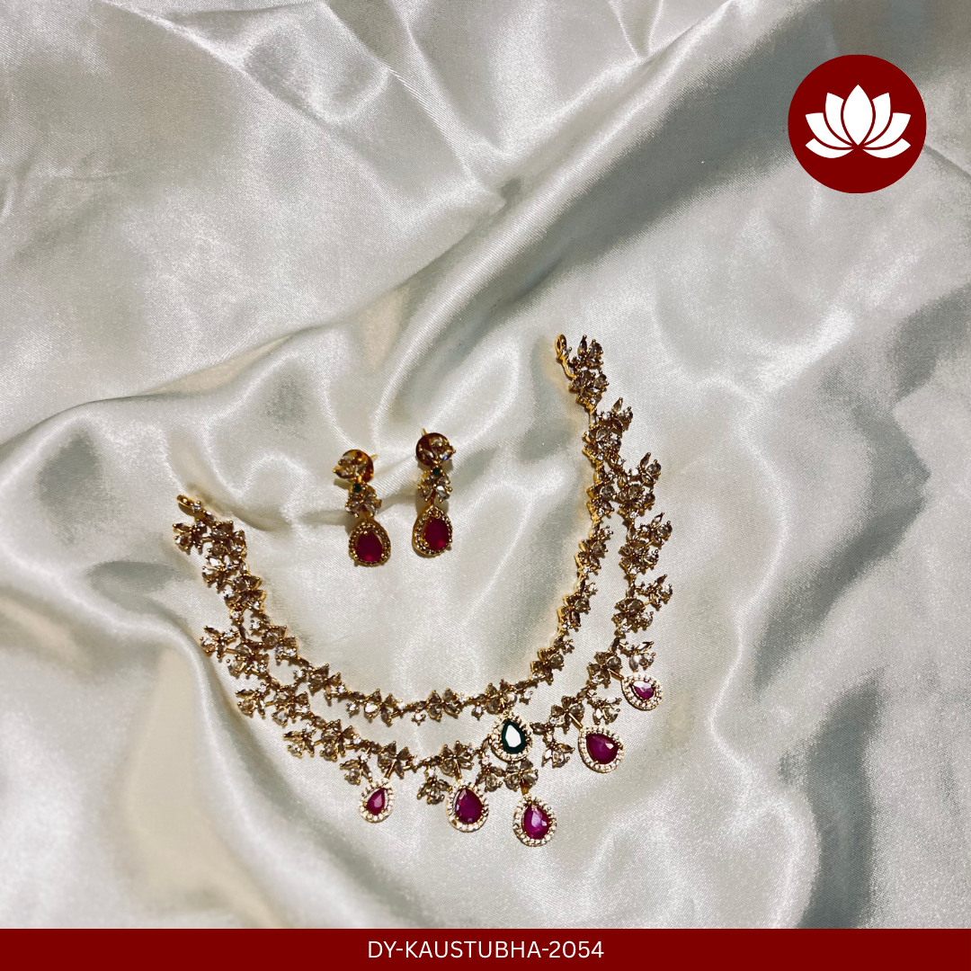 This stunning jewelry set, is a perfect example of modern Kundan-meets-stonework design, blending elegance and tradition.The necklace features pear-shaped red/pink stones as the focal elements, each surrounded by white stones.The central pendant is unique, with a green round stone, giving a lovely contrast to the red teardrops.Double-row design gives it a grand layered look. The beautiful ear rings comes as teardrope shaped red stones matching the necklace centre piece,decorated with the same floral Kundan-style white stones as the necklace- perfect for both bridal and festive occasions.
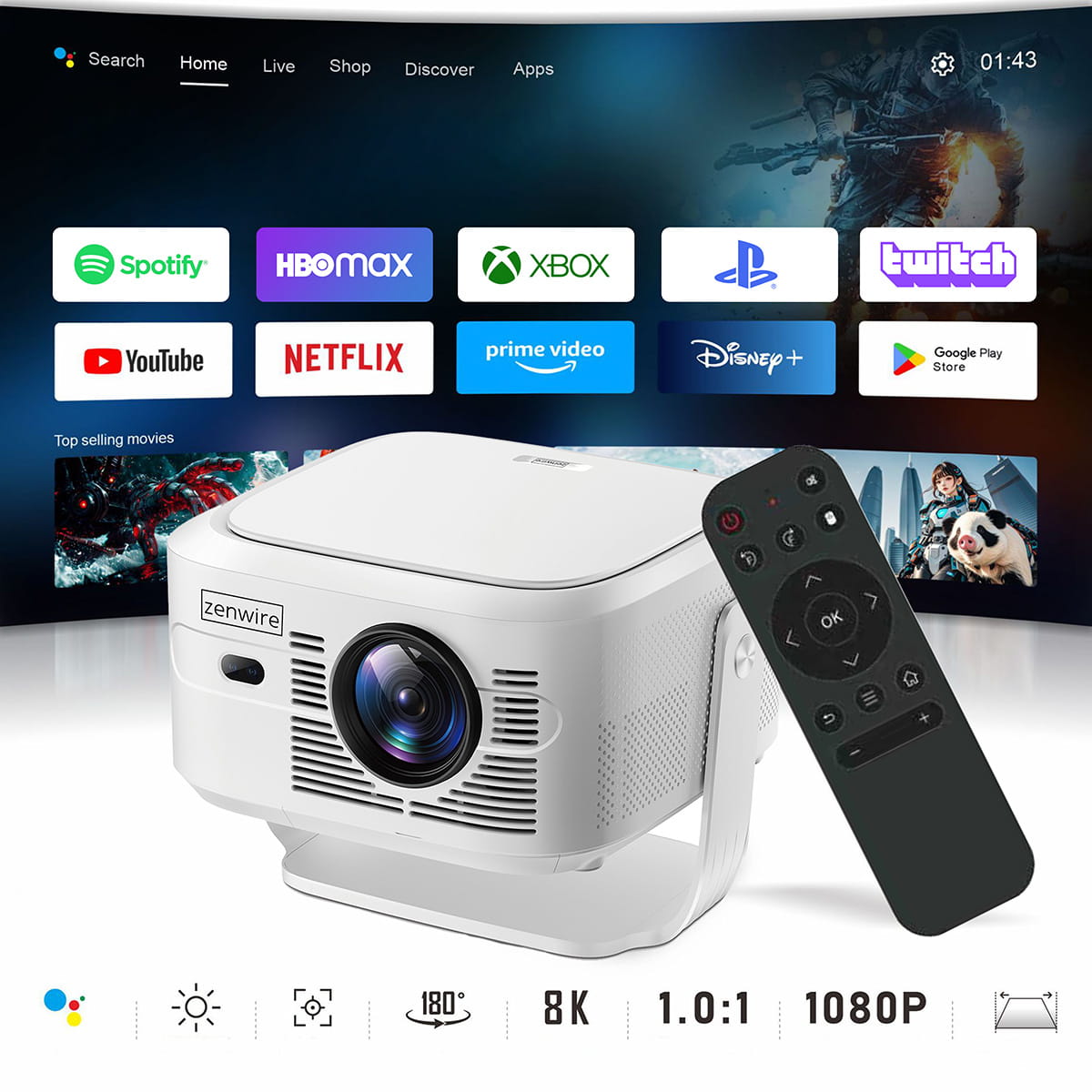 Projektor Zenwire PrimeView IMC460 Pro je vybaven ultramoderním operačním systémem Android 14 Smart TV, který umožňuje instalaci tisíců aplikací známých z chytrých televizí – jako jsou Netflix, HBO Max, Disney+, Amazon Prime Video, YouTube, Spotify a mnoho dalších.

* * *

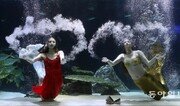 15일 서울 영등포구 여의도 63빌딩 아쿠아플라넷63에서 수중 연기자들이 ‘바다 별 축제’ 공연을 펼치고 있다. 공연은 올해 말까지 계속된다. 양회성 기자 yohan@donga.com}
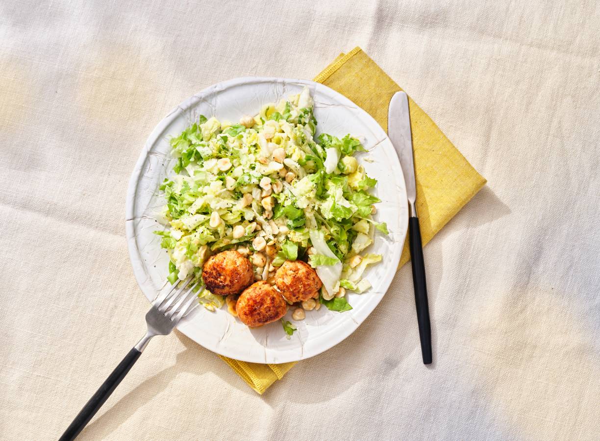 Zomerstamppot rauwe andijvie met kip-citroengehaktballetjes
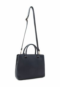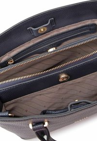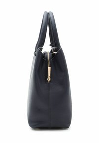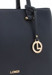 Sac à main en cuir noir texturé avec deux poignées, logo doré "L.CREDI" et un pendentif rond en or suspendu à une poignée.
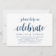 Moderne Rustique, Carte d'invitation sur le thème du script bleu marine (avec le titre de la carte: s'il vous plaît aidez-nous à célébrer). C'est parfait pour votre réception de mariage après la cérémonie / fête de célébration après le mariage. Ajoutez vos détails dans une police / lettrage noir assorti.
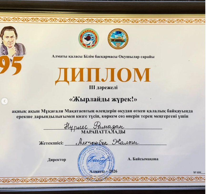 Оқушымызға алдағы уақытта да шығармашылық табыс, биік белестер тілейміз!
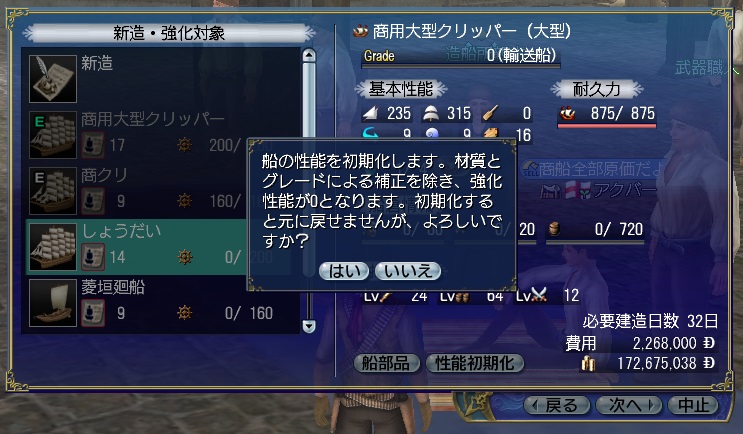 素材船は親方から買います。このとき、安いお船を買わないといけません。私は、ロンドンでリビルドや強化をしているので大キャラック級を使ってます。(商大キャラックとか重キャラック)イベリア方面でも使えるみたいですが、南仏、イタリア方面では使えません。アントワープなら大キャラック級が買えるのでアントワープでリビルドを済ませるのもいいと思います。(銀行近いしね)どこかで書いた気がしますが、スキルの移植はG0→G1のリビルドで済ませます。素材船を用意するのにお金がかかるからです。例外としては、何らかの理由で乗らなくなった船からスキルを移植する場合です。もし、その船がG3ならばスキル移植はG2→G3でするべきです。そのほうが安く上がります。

* **WHAT IS BEING ASKED**
Within the data above, repeat exactly the lines from the one bearing "Оқушымызға алдағы уақытта" through the one bearing "素材船は親方から買います。こ". Include no pictures and nothing else.

* **SOLUTION FOR THIS TASK**
 Оқушымызға алдағы уақытта да шығармашылық табыс, биік белестер тілейміз!
 素材船は親方から買います。このとき、安いお船を買わないといけません。私は、ロンドンでリビルドや強化をしているので大キャラック級を使ってます。(商大キャラックとか重キャラック)イベリア方面でも使えるみたいですが、南仏、イタリア方面では使えません。アントワープなら大キャラック級が買えるのでアントワープでリビルドを済ませるのもいいと思います。(銀行近いしね)どこかで書いた気がしますが、スキルの移植はG0→G1のリビルドで済ませます。素材船を用意するのにお金がかかるからです。例外としては、何らかの理由で乗らなくなった船からスキルを移植する場合です。もし、その船がG3ならばスキル移植はG2→G3でするべきです。そのほうが安く上がります。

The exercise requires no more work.